Your mother always told you to eat your broccoli, but new research shows she should also have told you how it should be cooked. A January 2011 study from the University of Illinois at Urbana-Champaign, published in Nutrition and Cancer, suggests that overcooking broccoli doesn’t just make it mushy and gray, it also zaps its potential cancer-preventing properties.

Broccoli contains myrosinase, the key enzyme in the formation of sulforaphane, a sulfur-containing compound that studies suggest decreases both inflammation and carcinogenesis. But “the enzyme is heat-sensitive,” says Elizabeth Jeffery, the nutritionist whose lab conducted the study, “so if you cook it extensively for any period of time, you’re going to destroy it.”

Lightly steaming broccoli for just two to four minutes—until it’s tough-tender—protects the enzyme. Moreover, a recent preliminary pilot study suggests that eating broccoli with other myrosinase-rich foods, like broccoli sprouts, mustard, radishes or wasabi, may nearly double sulforaphane absorption in the body.

The trick is making the broccoli tasty. “The science serves little purpose unless you’re going to put it in your mouth,” says nutrition researcher and practitioner Wendy Bazilian, who runs a health and wellness clinic in San Diego. So we asked Dean Rucker, a chef and author of Golden Door Cooks at Home, to create a recipe that delivers a sulforaphane double punch. Try the recipe to experience the delicious results.

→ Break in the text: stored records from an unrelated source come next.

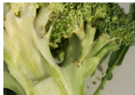
Photo 3: Traces brunes de nombreuses piqûres de charançons de la tige du chou sur les pédoncules, sous les boutons floraux.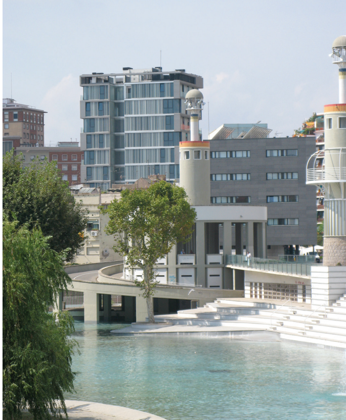
Il. 16. Elementy związane z komunikacyjną obsługą dworca udało się umiejętnie zintegrować z parkowym założeniem wodnym / Elements providing access to the railway stations have been successfully integrated with the water feature in the park

palm, które obecnie po ponad stu latach stały się domem dla sprowadzonych do Barcelony w drugiej połowie XX wieku z Argentyny papug 25 , których populacja w mieście wciąż wzrasta. W katalońskim klimacie, i tak wilgotniejszym od tego panującego w centralnej i południowej Hiszpanii, duże akweny wodne należą do rzadkości. Zrealizowane w parku staw (oferujący przejażdżki łódką) i kaskada z monumentalną fontanną 26 stały się więc synonimem luksusu i wysokich możliwości technologicznych katalońskiej myśli inżynierskiej. Stanowiły one bardzo dużą atrakcję na przełomie stuleci i do dzisiaj należą do najbardziej charakterystycznych i najczęściej fotografowanych przez turystów miejsc w Parc de la Ciutadella. W parku znajduje się kilka charakterystycznych obiektów, zaprojektowanych przez czołowych twórców epoki, które zostały po Wystawie 27 , czy też świadczących o wcześniejszej, militarnej historii miejsca, które wciąż pełnią ważne funkcje 28 . Od lat 40. XX wieku południową i wschodnią część parku zajmuje ogród zoologiczny, wówczas jeden z najnowocześniejszych w Europie 29 .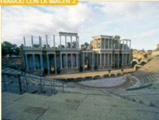
Teatro de Mérida.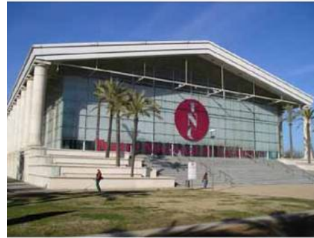
T. NACIONAL DE CATALUNYA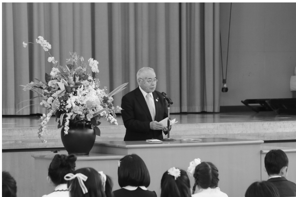
神崎小学校入学式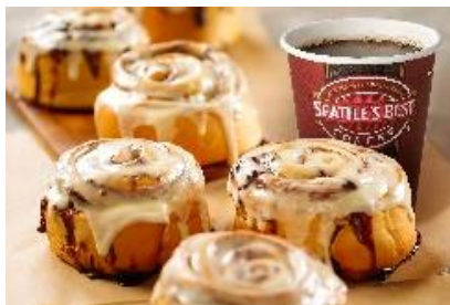
シアトル生まれのシナモンロールを展開する「シナボン」と「シアトルズベストコーヒー」がコラボした「シナボン・シアトルズベストコーヒー」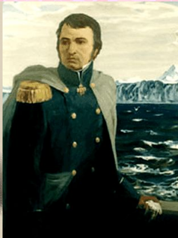
И. Ф. Крузенштерн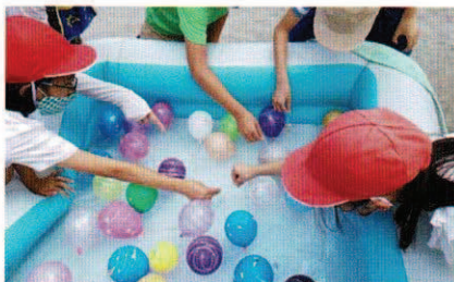
松庵小学校PTA 「花火みたいな!? ヨーヨーすくい大会!」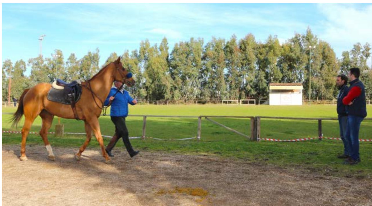
Visite veterinarie Sartiglia 2017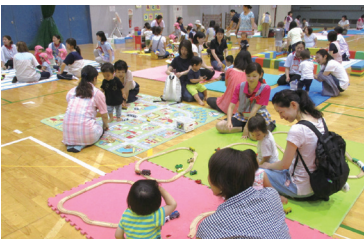
平成29年6月 保土ヶ谷スポーツセンター 「にこやかほがらか 親子の広場」 202組421人の親子に ご参加いただきました。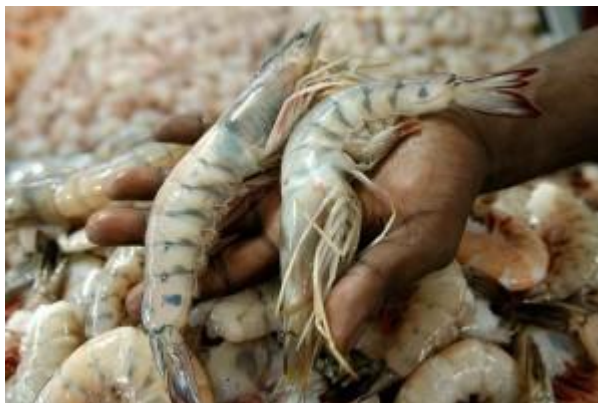
Hội chứng, gây tử vong hàng loạt lên đến một trăm phần trăm loại giáp xác, trang trại nuôi tôm xuất hiện ở miền nam Trung Quốc.

Ngày 18/04/2013, Mexico đã quyết định tạm đình chỉ nhập khẩu từ Trung Quốc, Việt Nam, Malaysia và Thái Lan tôm dưới dạng sống, nguyên liệu, nấu chín, đông, khô hoặc bất kỳ hình thức nào của loài tôm sú (Black Tiger) và tôm thẻ chân trắng (White-Litopenaeus vannamei), do các quốc gia trên có một bệnh mới ảnh hưởng đến loài giáp xác và gây chết hàng loạt. Với mục đích bảo vệ ngành công nghiệp nuôi trồng thủy sản tôm trong nước, Bộ Nông nghiệp, Chăn nuôi, Phát triển nông thôn, Thủy sản và Thực phẩm Mexico (SAGARPA) đã ra lệnh hành động phòng ngừa.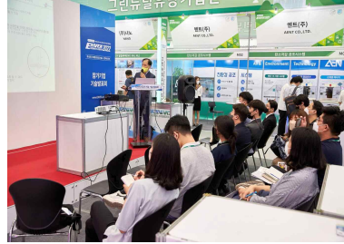
기술 발표회장 구조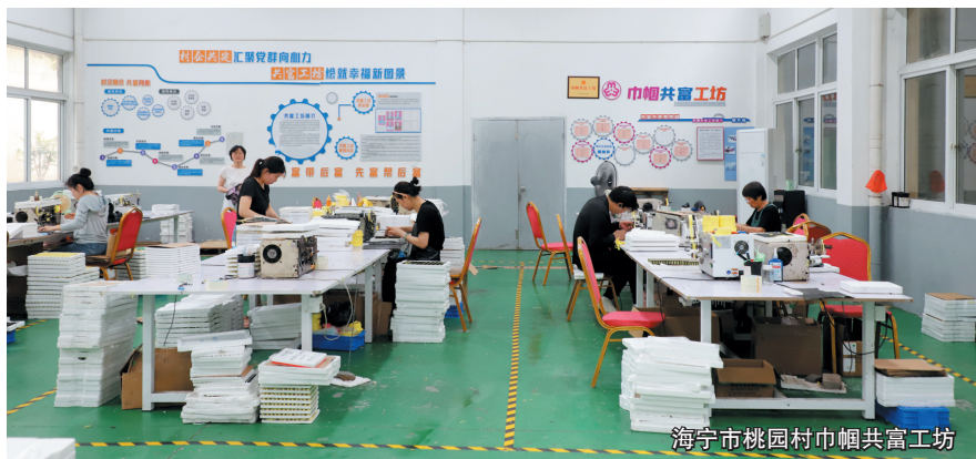
海宁市桃园村巾帼共富工坊

浙江党建引领共富工坊建设,通过“小切口”整合资源、搭建平台、联农带农,有效破解农村发展过程中出现的产业层次较低、产业链条不完善、市场对接不畅、群众增收不明显等问题,具有较好的示范和推广价值。

Broccoli, Soba & Shiitake Mushrooms With Wasabi-Mustard Vinaigrette and Toasted Sesame

This tasty recipe delivers a sulforaphane double punch.

Makes six servings, 1¼ cups each

  • 4 cups tightly packed broccoli florets
  • 2 cups shiitake mushrooms, thinly sliced
  • 1 tablespoon peanut oil
  • 8 ounces soba noodles (or whole wheat spaghetti)
  • 1 tablespoon sesame seeds, toasted

Vinaigrette:

  • 1½ tablespoons Dijon mustard
  • 2 tablespoons unseasoned rice vinegar
  • ½ teaspoon toasted sesame oil
  • 1 teaspoon soy sauce
  • 1 teaspoon honey
  • 1 teaspoon wasabi paste
  • Juice of half a small lime
  • ¼ cup plus 1 tablespoon peanut oil

Cook the noodles in boiling water per package instructions. When cooked, place in a bowl of ice water to stop cooking and chill.

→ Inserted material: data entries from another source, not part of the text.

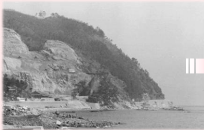
1966年頃 今公園がある場所（灘山）埋め立て用の土取りが始まったころ

●紙しばいで50年前の公園の姿を学びます。⇒●その後、木を植えた場所を見学します。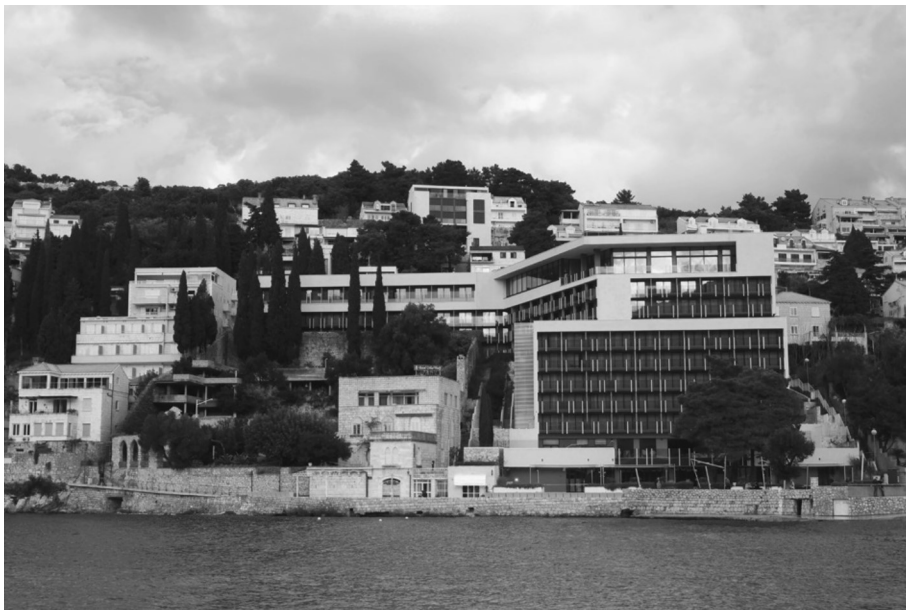
ZORAN BALOG: HOTEL KOMPAS (DUBROVNIK, 2015.) – REKONSTRUKCIJA; FOTO: BOŽO BENIĆ

lim prostorno-funkcionalnim cjelinama hotelskih zgrada kroz vrijeme su se redovito javljale potrebe za najrazličitijim vrstama prilagodbi, a istraživanjima je utvrđeno kako je učestalost, kojom se te prilagodbe odvijaju, bila manja u slojevima konstrukcije i ovojnice, odnosno veća u slojevima instalacija, pregrada i obloga. 9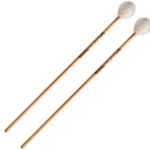
ภาพที่ 3 ไม้มาริมบา (Marimba Mallets)

ประเภท Innovative Percussion Marimba Mallets – Soft Medium Hard – Jim Casella Series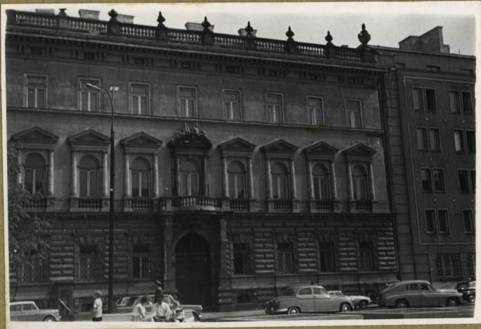
S. Łoza - Architekti i Budownictwie w Polsce, 1954

Using a steam basket, steam the broccoli over a pot of boiling water for 2 minutes. Remove from heat and place in ice water with the noodles to chill. (If you do not have a steamer basket, place broccoli in boiling water for 45 seconds and then plunge into ice water.)

When the noodles and broccoli are well-chilled, drain well and place in a mixing bowl.

In a saucepan, heat 1 tablespoon peanut oil over medium heat, add the shiitake mushrooms and cook for 10 to 12 minutes, stirring occasionally, until golden and lightly crisp (2 cups raw mushrooms will become ¾ cup cooked mushrooms).

Add the mushrooms to the broccoli and noodles, along with the toasted sesame seeds.

For the vinaigrette, place everything except the peanut oil in a small mixing bowl and whisk together well. Slowly drizzle in the peanut oil while whisking until all of the oil is incorporated. Toss vinaigrette with broccoli, soba and shiitake mixture and serve.